Challenges we ran into
This is the first time we had to use OCR. Although the Tesseract OCR library is already very mature and is being used commercially by companies such as HP, the image preprocessing still pose a challenge to us. We need to transform the image from the phone's camera into a clean and high contrast image that Tesseract can easily extract text information.
Also the deployment of our backend take more effort than we thought. Our backend is build with node.js and need to integrated with the OCR code (with Python), etc. The deployment & the unit testing was also very time consuming.
Accomplishments that we're proud of - OCR (Optical Character Recognition)
Using computer vision and image processing techniques, we were able to recognize and parse items in a receipt so that users don't have to manually input the numbers.
We used OpenCV library to generate a scanned out version of the picture of the receipt.
- Step 1: Take in the image and convert to grayscale
- Step 2: Use canny edge detection to detect edges
- Step 3: Find the largest contour
- Step 4: Apply perspective transform and apply threshold function to augment the black and white pixels.
Then, we use Tesseract OCR to recognize the texts in the image. An hocr formated xml file is outputted with bounding boxes of all the recognized text. (will be parsed to json then send to client). The bounding boxes can be used to create UI clickable to retrieve recognized text information.

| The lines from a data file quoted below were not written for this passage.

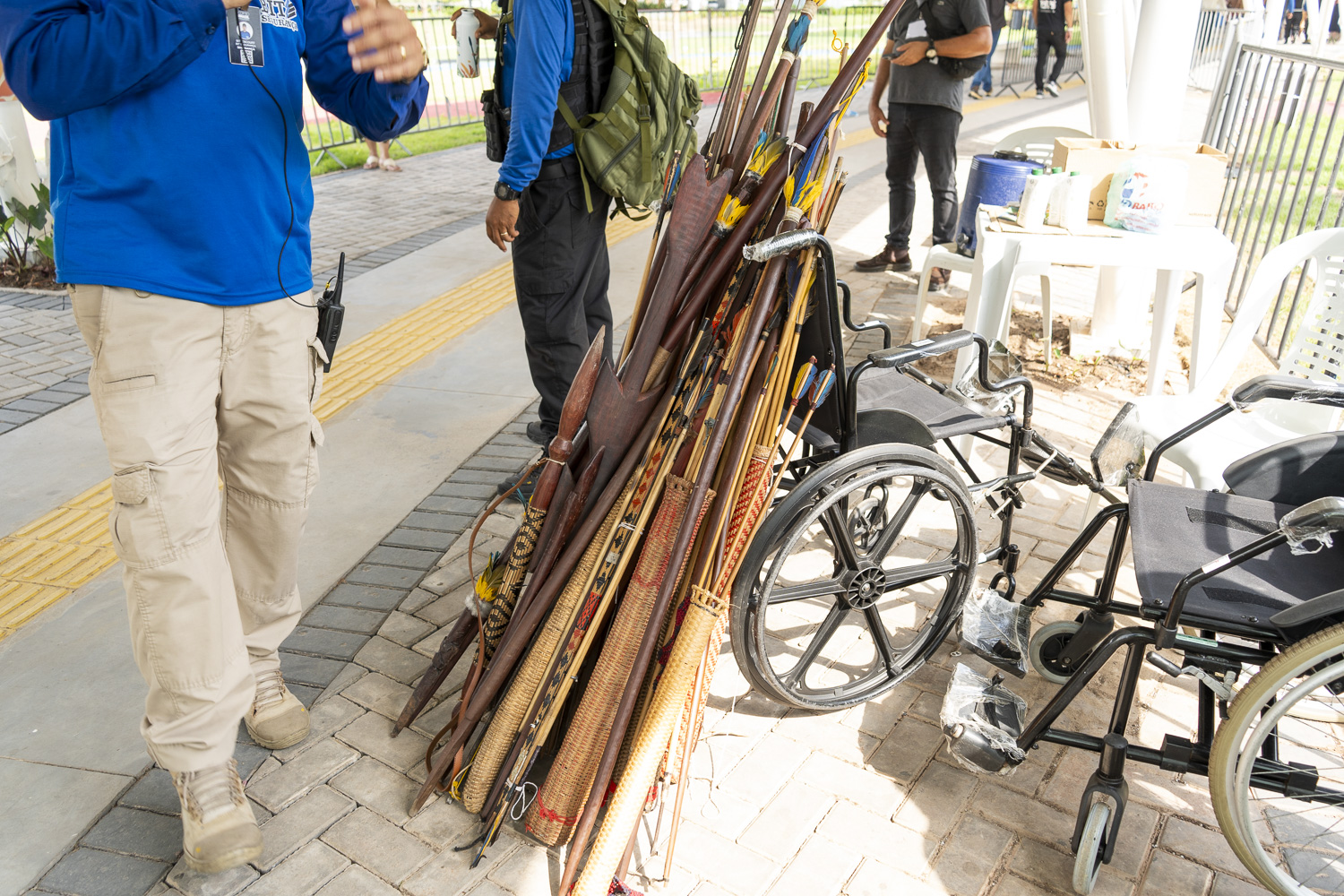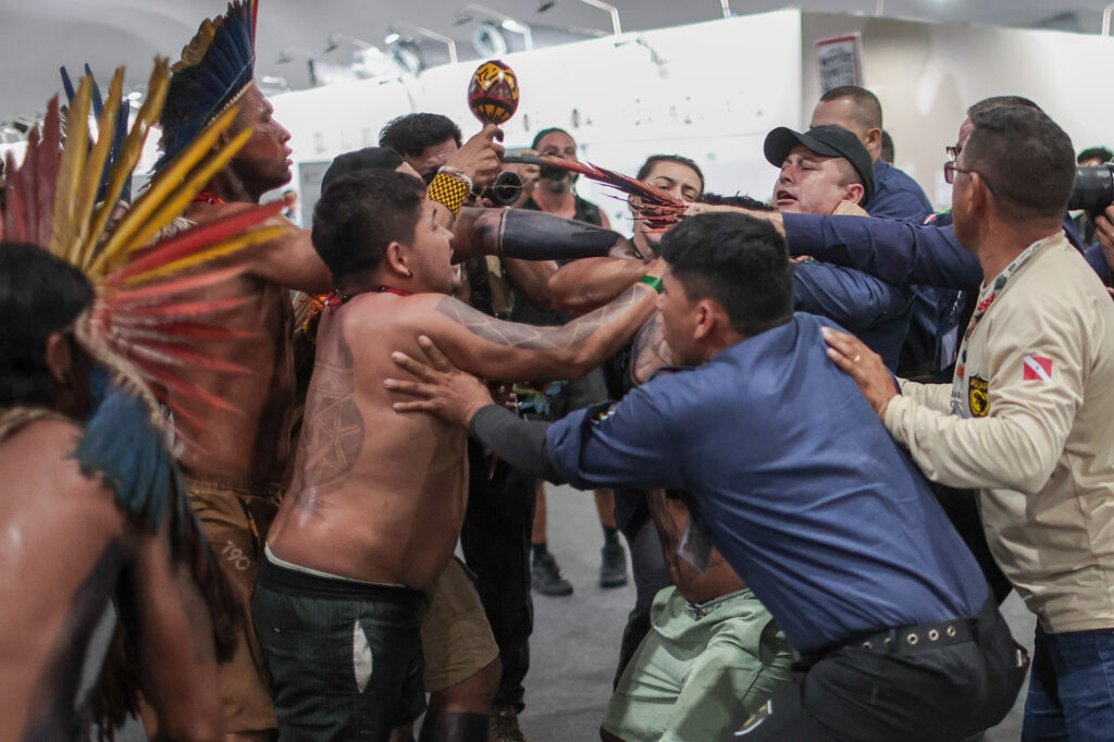 Justificando o apagamento em suas falas e nas negociações para conter a crise climática no mundo, manifestantes driblaram a GLO e a segurança da ONU para fazer o ato na Zona Azul. Lula ficou irritado. A segurança foi reforçada no local e respingou na Zona Verde: indígenas Munduruku foram barrados e tiveram flechas e bordunas retidas por seguranças e agentes da PF.
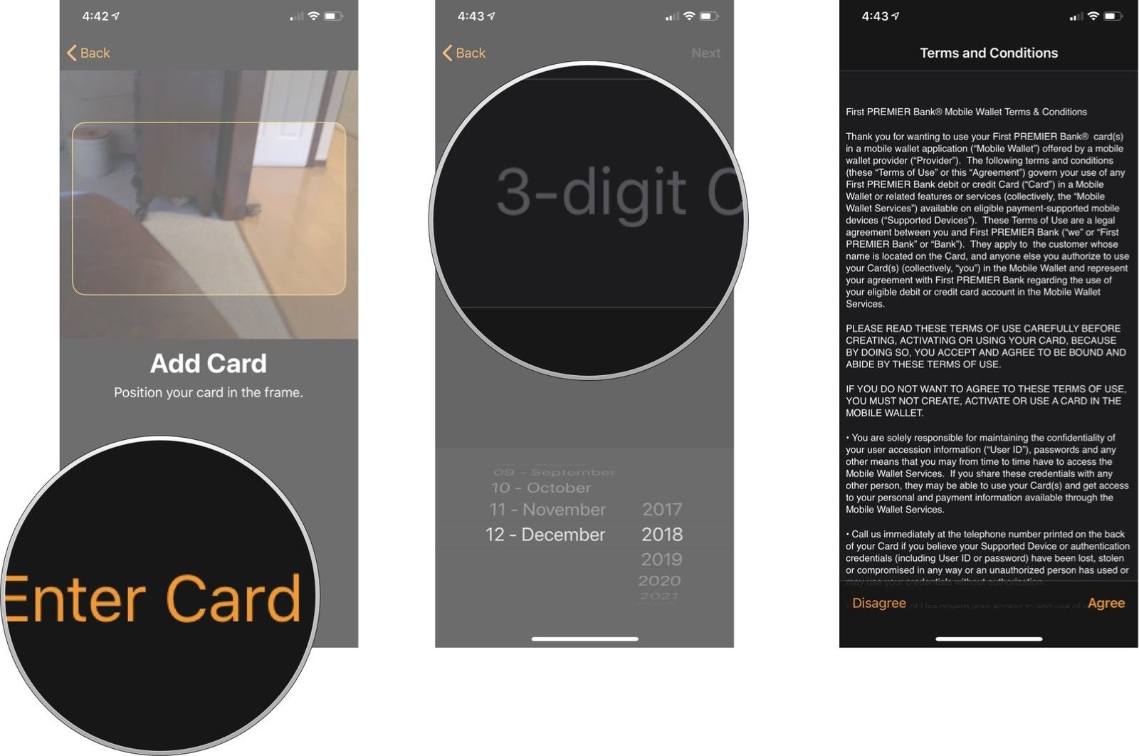 - Нажмите Введите данные карты вручную или поднесите iPhone к кредитной карте, чтобы отсканировать информацию.
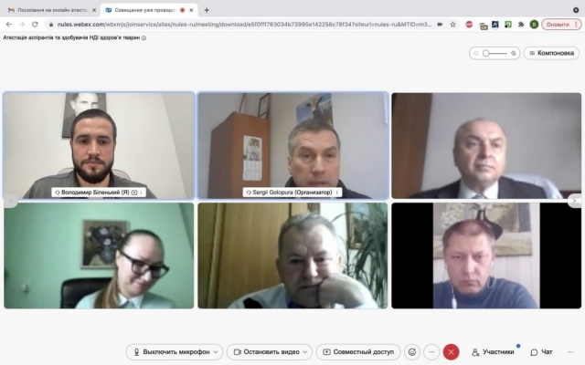 Атестаційна комісія у складі: голова комісії – директор НДІ здоров’я тварин д.вет.н., доцент Сергій Голопура, декан факультету ветеринарної медицини д.б.н., професор Микола Цвіліховський, члени комісії, гаранти програм: д. вет. н., доцент Наталія Грушанська, д.вет.н., доцент Марина Галат, д.вет. н., професор Ольга Якубчак, а також члени комісії д.вет.н., професор Дмитро Засєкін, д.вет.н., професор Віталій Недосєков, д.вет.,н., професор Володимир Духницький, к.вет.н., доцент Тетяна Немова заслухали звіти аспірантів і здобувачів та оцінили їх здобутки.
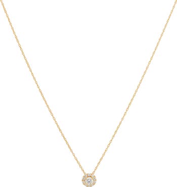 A delicate chain crafted from warm 10-karat gold is centered by a lab-grown-diamond adorned pendant designed to illuminate any neckline with elegant sparkle.

The recognition result for the image above:
RAINBOW GARDEN 202 E. UNIVERSITY AVE. URBANA, IL 61801 (217)344-1888 www.rainbow-garden.com
CHK#: 5734.2 SVR: Kevin
Table #: 61 Guest #: O M
Order Time: 02/19/2016 09:07:05 PM W
0.33 BRAISED BEEF BRISKST $ 5.33 0.33 Ant Climb Tree $ 3.65 0.33 Boild_Sole Filet Szcch Sau $ 4.98 0.33 Stir Fried Bokchoy $ 4.32 0.33 Rainbow Spare Ribs $ 4.32 0.67 PEPSI $ 1.24
02/19/2016 09:37 PM
Sub Total: $23.83 Tax: $2.22
What we learned
Getting enough sleep is essential to maintaining work efficiency.
What's next for Ledger
Features we would like to add to Ledger
- import and search friends through contacts
- multi-platform support for the app